Australian insurance brand

Budget Direct is an insurance brand of Auto & General headquartered in Brisbane, Australia. Their car and home insurance policies are underwritten by Auto & General Insurance Company Limited. Auto & General Insurance Company is an Australian insurance company regulated by APRA and is an active member of the Insurance Council of Australia.

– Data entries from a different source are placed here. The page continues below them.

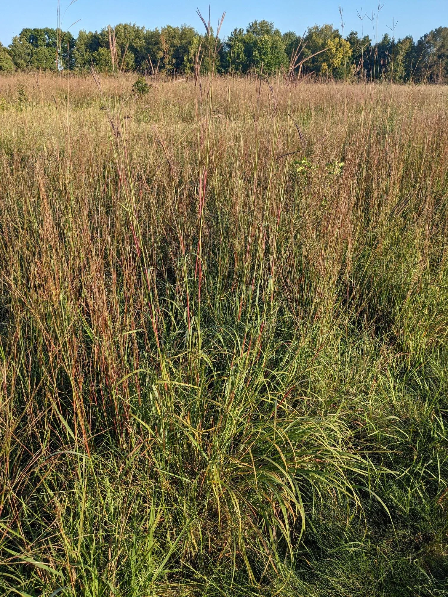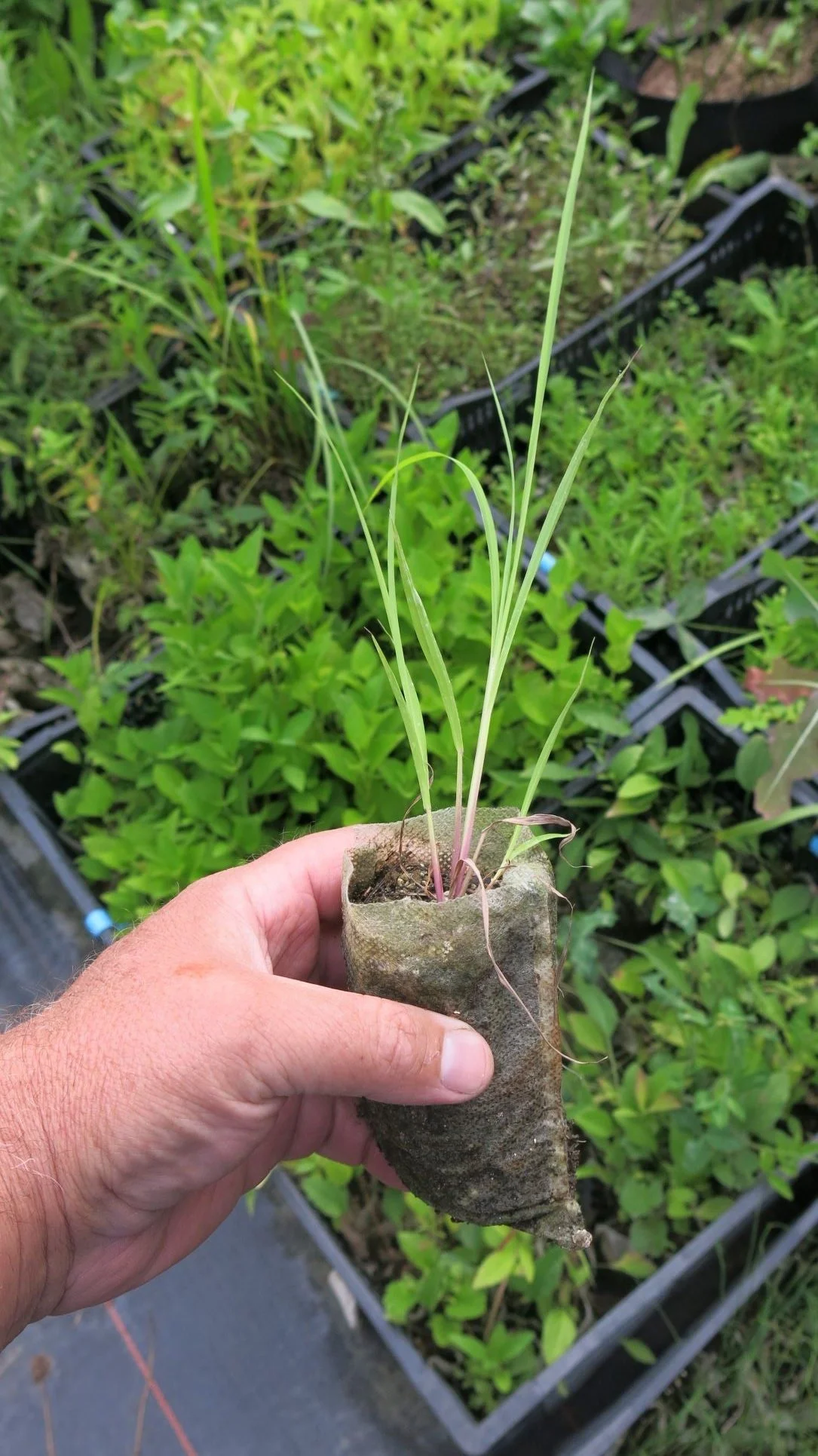 Big bluestem (Andropogon gerardi) native grass starter plant. Tall native prairie grass. Will grow over 6ft tall. Beautiful fall color. Year round interest.
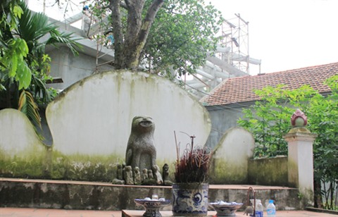 | Le chien en pierre au village de Dich Vi, district de Dan Phuong, Hanoï. |
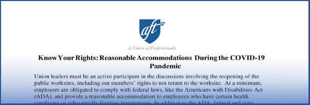 AFT Health Issues has several resources for public employees during COVID-19. Follow the links below to open these helpful information sheets.
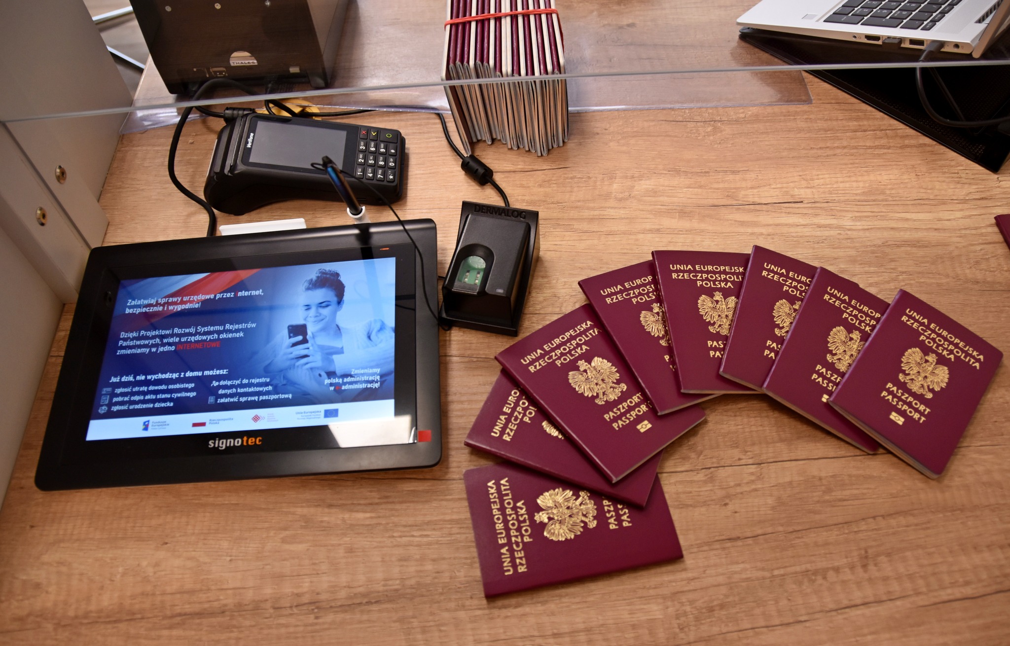 Do oławskiego starostwa trafiła pierwsza partia licząca około 150 paszportów. Łącznie do dzisiaj w nowym punkcie paszportowym złożono już ponad 300 wniosków. Kolejni klienci naszego urzędu otrzymują SMS-y z powiadomieniem o możliwości odbioru gotowych paszportów.
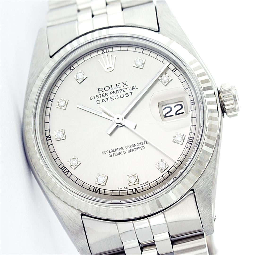 One Gents Rolex Datejust Polished Bright with Satin Finish, Serviced & Electronically Tested, Stainless Steel Case:36mm, Stainless Steel Crown, Original Bezel: 14K White Gold Fluted Bezel. Custom Crystal: Synthetic Sapphire Cyclops Lens. Movement: Automatic Winding Movement Caliber 3035. Custom Dial: Silver Dial With Diamond Hour Markers, 10 Diamond in Dial G To H In Color, Si-VS Clarity. Date Window: 3 O'Clock Position Date Display, Quickset, Model: 16014 Condition: G-6 Extra Fine. Bracelet: Stainless Steel Jubilee. Bright Polish & Satin Finish. 6.5 Inch Length, Adjustable. Standard Clasp, With Rolex Logo.
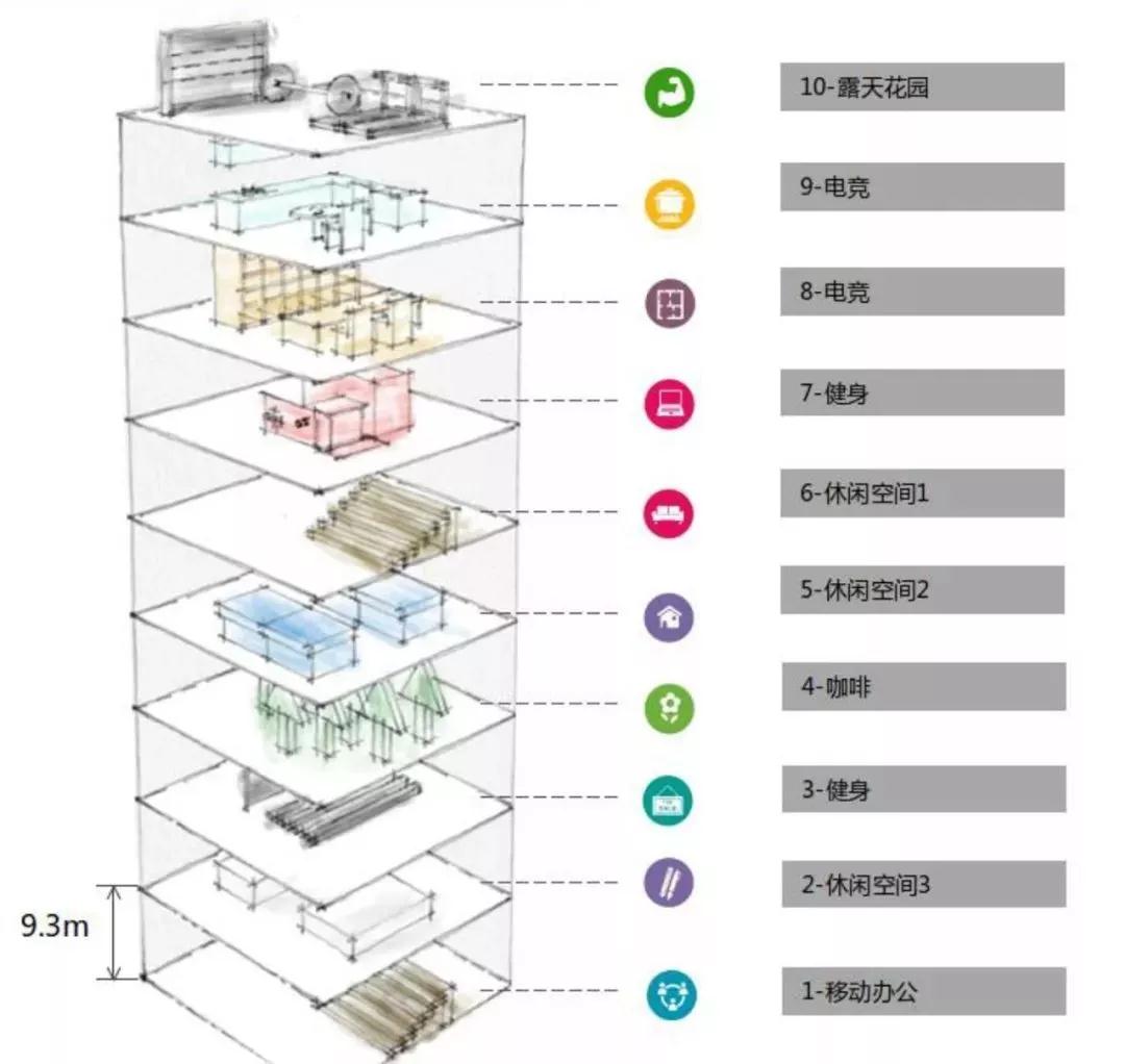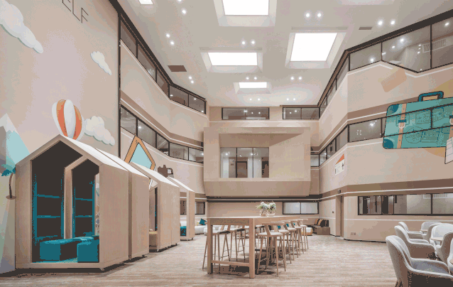 采用新颖的垂直城市客厅设计,以“室内空间共享”的概念实现生态共享,创新设计移动办公、电子竞技、休闲娱乐、健身中心等,为公寓的住户提供更多的交流场所。
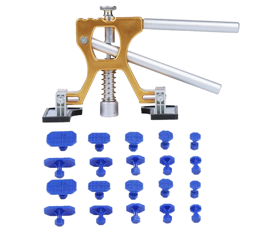 Zestaw do wyciągania wgnieceń z karoserii samochodu to specjalne narzędzie pozwalające usunąć różnego rodzaju wgniecenia bez konieczności lakierowania. Składa się z przyssawek, specjalnego kleju i systemu napinającego, które umożliwiają precyzyjne i skuteczne usuwanie uszkodzeń na powierzchni samochodu.
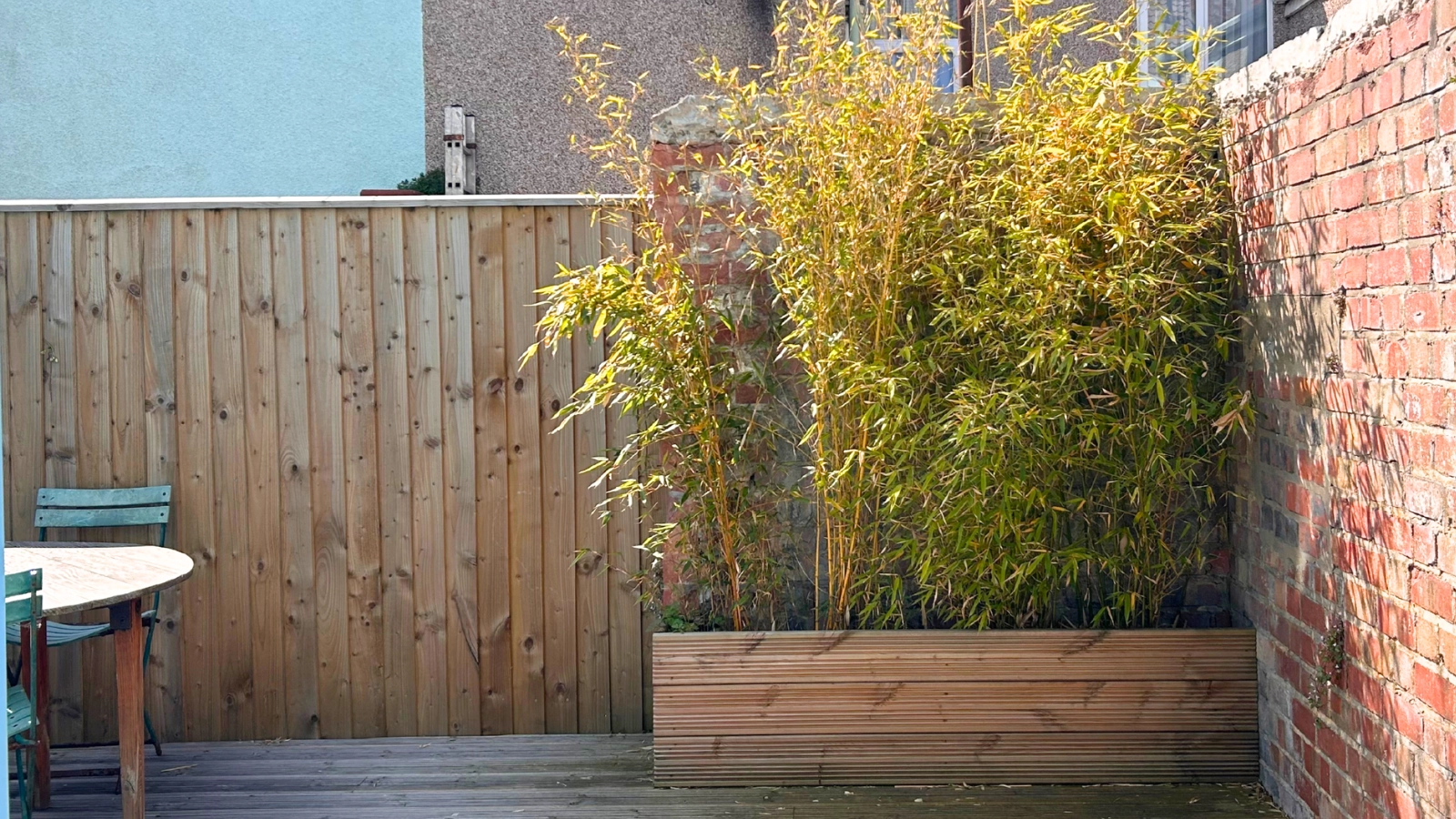 When it came to updating his garden design, my partner found himself with a lot of spare decking that didn’t get used, so he decided to turn it into a bamboo planter – saving himself the cost of buying one, as well as a trip to the recycling centre.
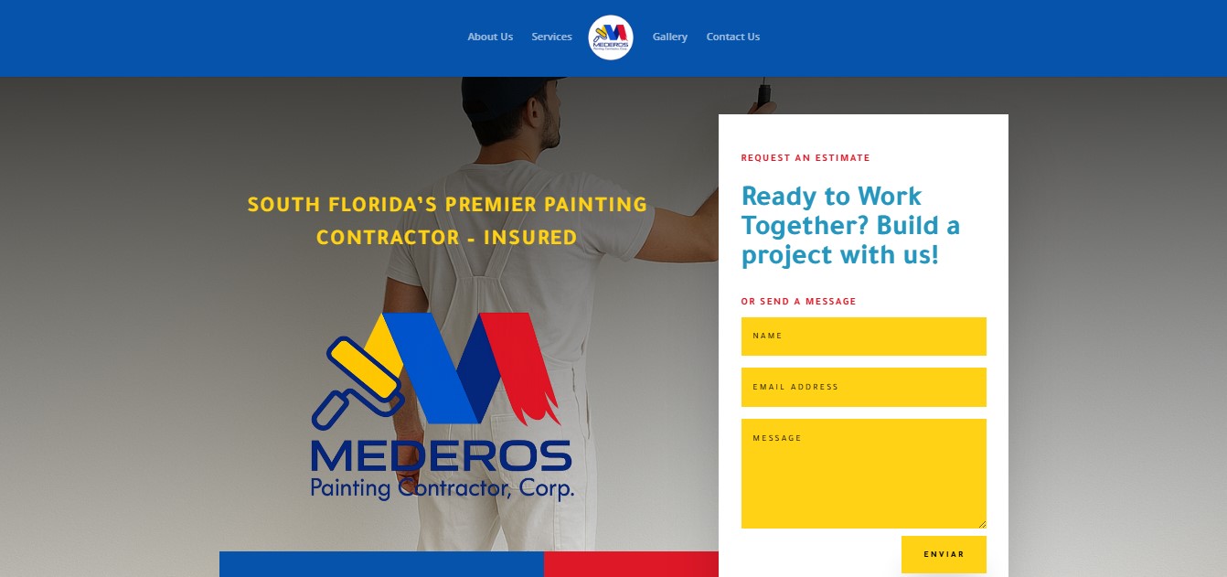 Sitio profesional que presenta servicios de pintura residencial y comercial, portafolio de trabajos, testimonios y formulario de contacto.

Budget Direct is part of the Budget Insurance group, established in the early 1970s, which collects billion in premiums each year for the group's 6.8 million policies.

==Operations==
Budget Direct operates three call centres located in Queensland at Kawana Waters, North Lakes as well as at the company's headquarters located in Toowong, Brisbane. The company also has multiple assessment centres in Brisbane, Sydney and Melbourne. As of April 2020, the company has over 1 million policy holders and over 1,700 staff. In 2016 Budget Direct launched in Singapore offering car, motorcycle and travel insurance.

==Advertising==
Budget Direct's previous television advertisements depicted a couple called Michael and Michelle. The ads revolved around Michelle's mispronunciation of the word "Budget" whilst explaining the benefits of Budget Direct insurance to Michael who continually corrects her pronunciation. In August 2013 Budget Direct rebranded with an alien version of the shower ad with animated aliens instead of Michelle and Michael. This also included a revelation of a new brand positioning and logo created by Hulsbosch. In January 2014 it was reported that the brand had engaged 303Lowe with the release of new TV ads featuring a daredevil by the name of Captain Risky and tagline "We don't insure Captain Risky to keep prices low", to explain the brand's low to medium risk market positioning. In 2018 a new series of television advertisements were launched with a detective character called 'Sarge' (played by Hamish Clark). The advertisements feature Sarge and a sidekick tackling fantastical and science fiction-based mysteries with the tagline Insurance Solved.

==Awards==
Budget Direct has won the CANSTAR award for Outstanding Value Car Insurance every year from 2007 to 2022. Budget Direct won the Money Magazine Insurer of the Year award for their car and home insurance products every year from 2017 to 2022. They have also won the Money Magazine Best-Value Car Insurance award from 2019 to 2022.

== Criticism ==
In February 2026, the Australian Securities and Investments Commission (ASIC) took legal action against Auto & General after more than 39,000 Budget Direct customers lost discounts between March 2020 and July 2024 after making changes to their insurance policy such as updating their address or the frequency of their payments. ASIC alleged the company became aware of the issue as early as 2016 but failed to fix it or inform customers for years. Although Auto & General later repaid the customers and made improvements to its system, ASIC will seek declarations and civil penalties.